WHAT NEEDS TO BE DONE -
Note each line of the entries that includes "ProFlex". Then copy those lines.

DATASET RECORDS -

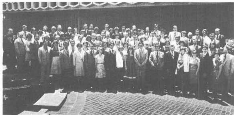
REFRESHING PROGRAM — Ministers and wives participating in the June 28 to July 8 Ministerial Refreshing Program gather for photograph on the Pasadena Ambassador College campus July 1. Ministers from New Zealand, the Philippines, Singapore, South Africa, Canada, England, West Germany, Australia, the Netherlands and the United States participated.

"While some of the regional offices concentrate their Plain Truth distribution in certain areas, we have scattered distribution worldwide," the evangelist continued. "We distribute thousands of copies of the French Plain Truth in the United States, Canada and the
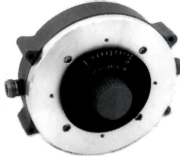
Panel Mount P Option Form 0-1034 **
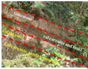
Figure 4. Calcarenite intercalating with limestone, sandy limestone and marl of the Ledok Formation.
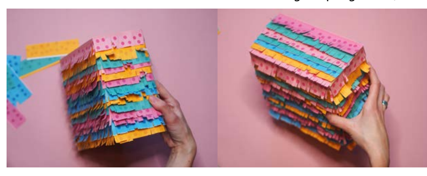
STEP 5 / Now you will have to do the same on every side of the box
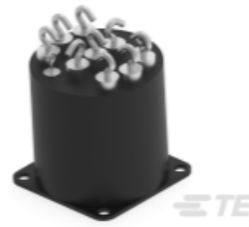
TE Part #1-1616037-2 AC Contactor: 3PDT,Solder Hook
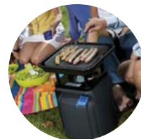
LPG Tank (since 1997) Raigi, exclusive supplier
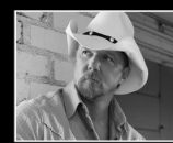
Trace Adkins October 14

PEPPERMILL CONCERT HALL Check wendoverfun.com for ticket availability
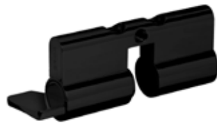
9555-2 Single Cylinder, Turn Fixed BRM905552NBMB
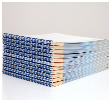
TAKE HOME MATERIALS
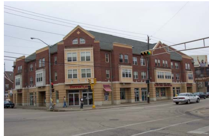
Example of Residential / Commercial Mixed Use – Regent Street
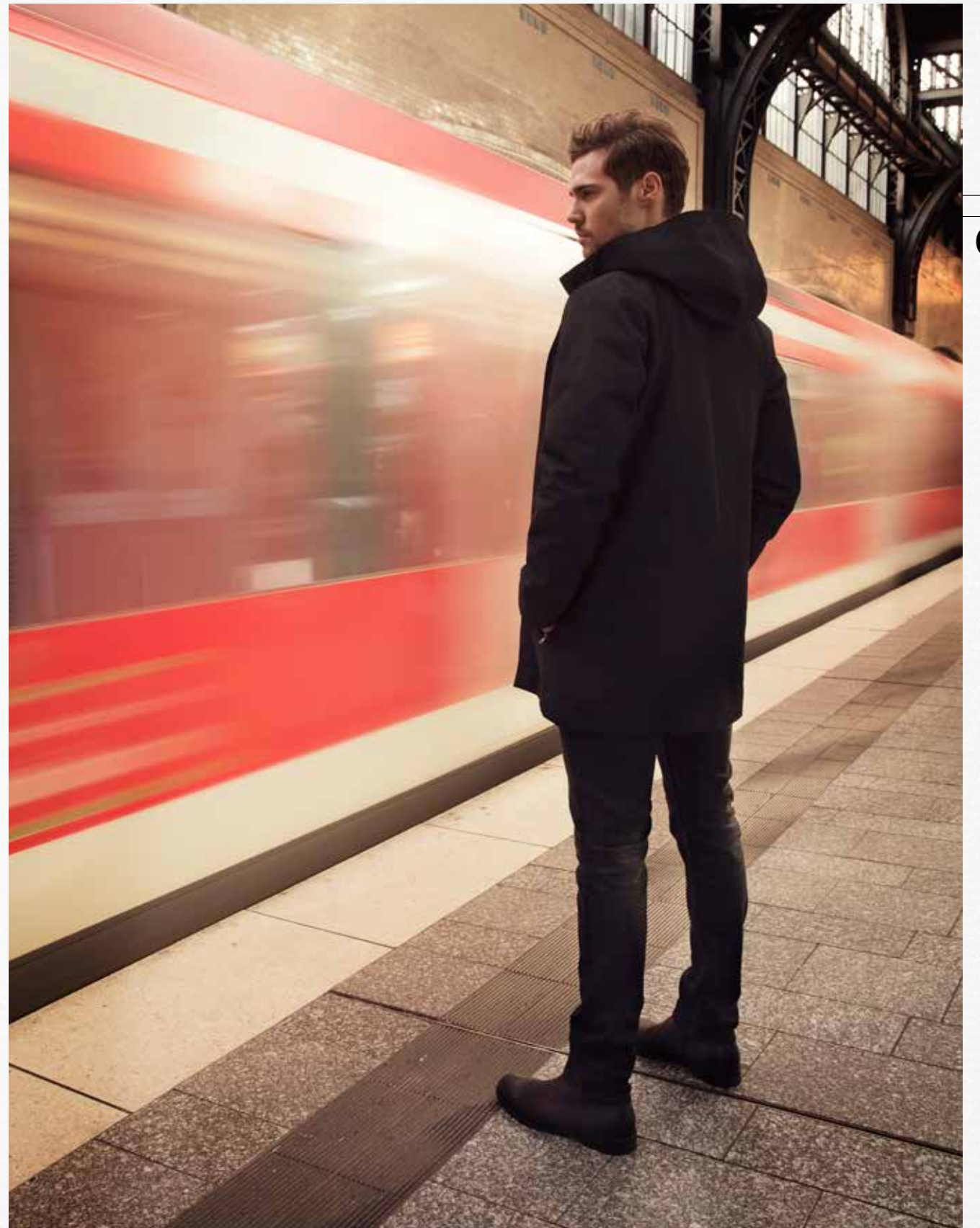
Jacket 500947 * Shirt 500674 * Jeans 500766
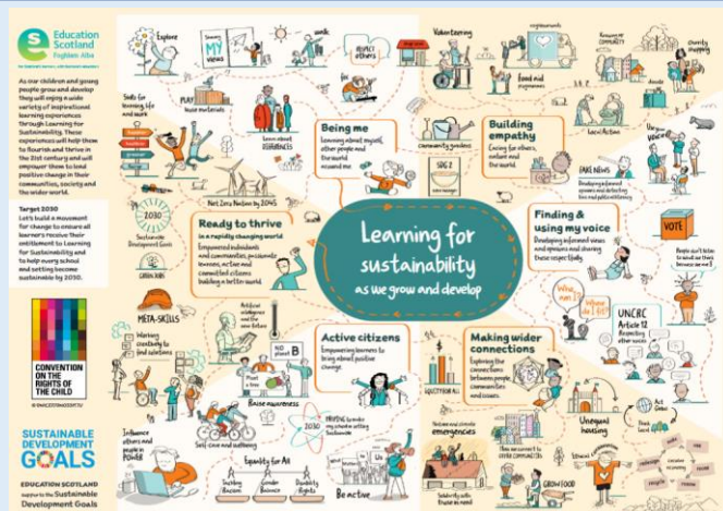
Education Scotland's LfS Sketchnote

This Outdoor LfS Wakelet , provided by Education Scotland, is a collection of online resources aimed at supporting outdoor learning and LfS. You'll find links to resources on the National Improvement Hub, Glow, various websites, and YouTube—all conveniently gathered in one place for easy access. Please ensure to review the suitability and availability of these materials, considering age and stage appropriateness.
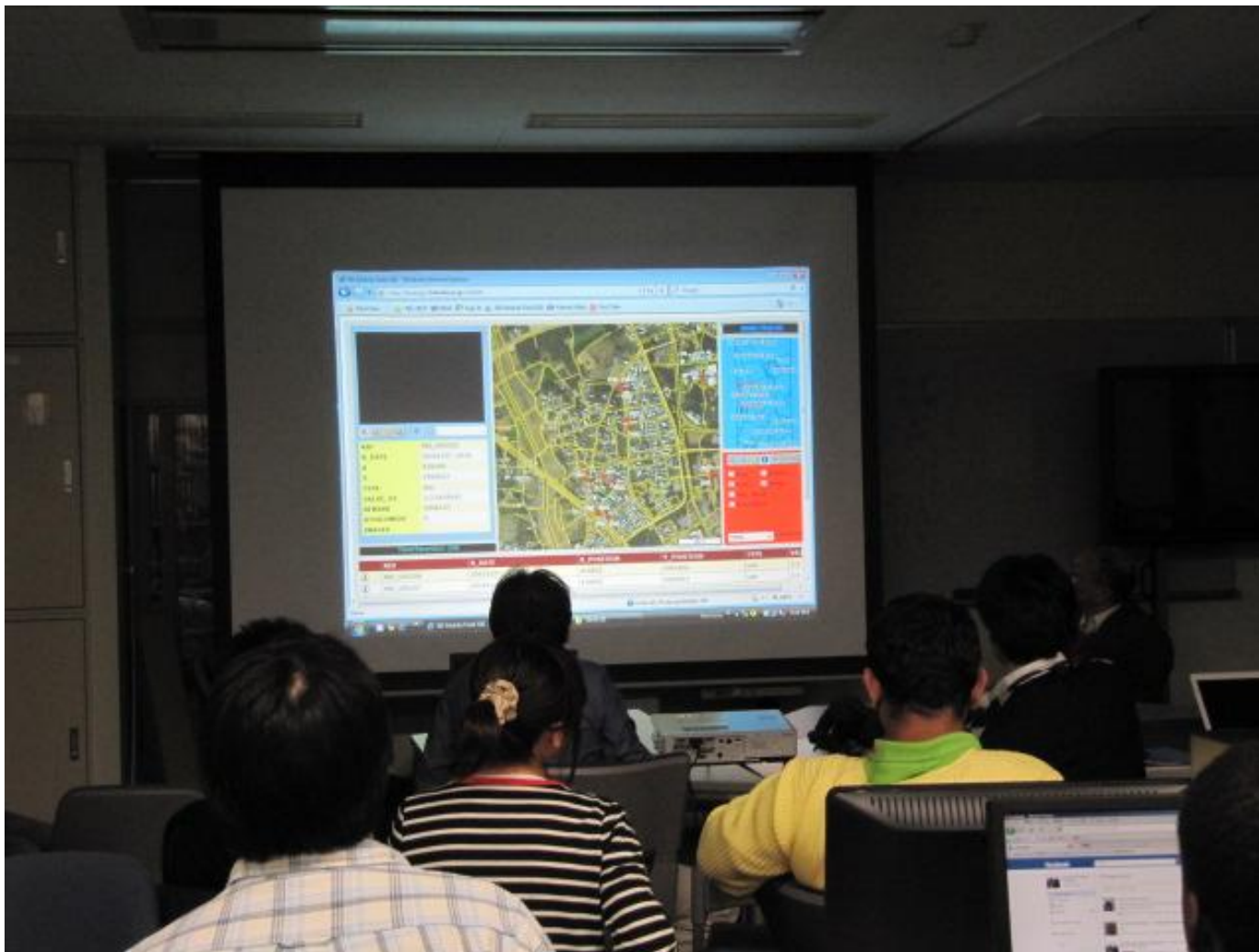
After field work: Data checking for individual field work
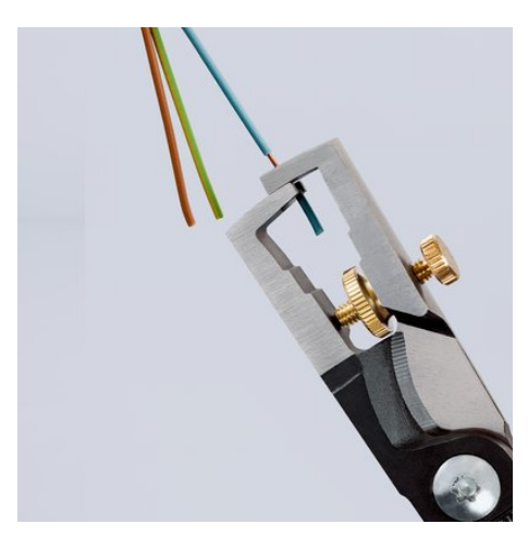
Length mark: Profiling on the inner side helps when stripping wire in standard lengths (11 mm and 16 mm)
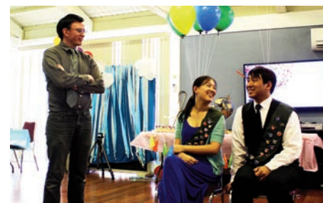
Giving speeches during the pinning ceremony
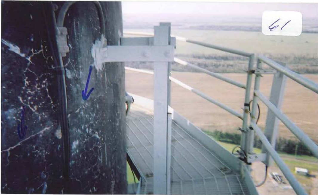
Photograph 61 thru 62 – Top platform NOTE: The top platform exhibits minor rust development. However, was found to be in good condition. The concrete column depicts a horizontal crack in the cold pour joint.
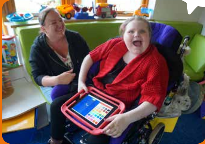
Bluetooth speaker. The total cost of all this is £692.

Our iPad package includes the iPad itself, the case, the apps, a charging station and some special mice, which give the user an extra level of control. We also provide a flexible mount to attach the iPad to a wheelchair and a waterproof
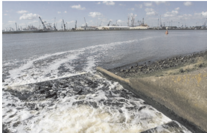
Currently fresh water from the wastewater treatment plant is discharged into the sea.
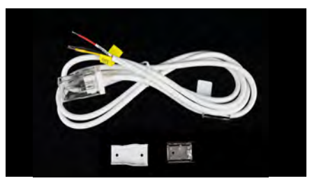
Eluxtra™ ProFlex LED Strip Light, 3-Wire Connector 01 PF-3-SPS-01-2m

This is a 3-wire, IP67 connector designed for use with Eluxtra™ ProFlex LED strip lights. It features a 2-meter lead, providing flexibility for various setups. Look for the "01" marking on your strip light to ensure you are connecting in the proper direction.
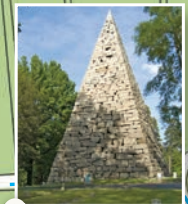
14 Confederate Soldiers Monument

SOLUTION TO THIS EXERCISE -
Eluxtra™ ProFlex LED Strip Light, 3-Wire Connector 01 PF-3-SPS-01-2m
This is a 3-wire, IP67 connector designed for use with Eluxtra™ ProFlex LED strip lights. It features a 2-meter lead, providing flexibility for various setups. Look for the "01" marking on your strip light to ensure you are connecting in the proper direction.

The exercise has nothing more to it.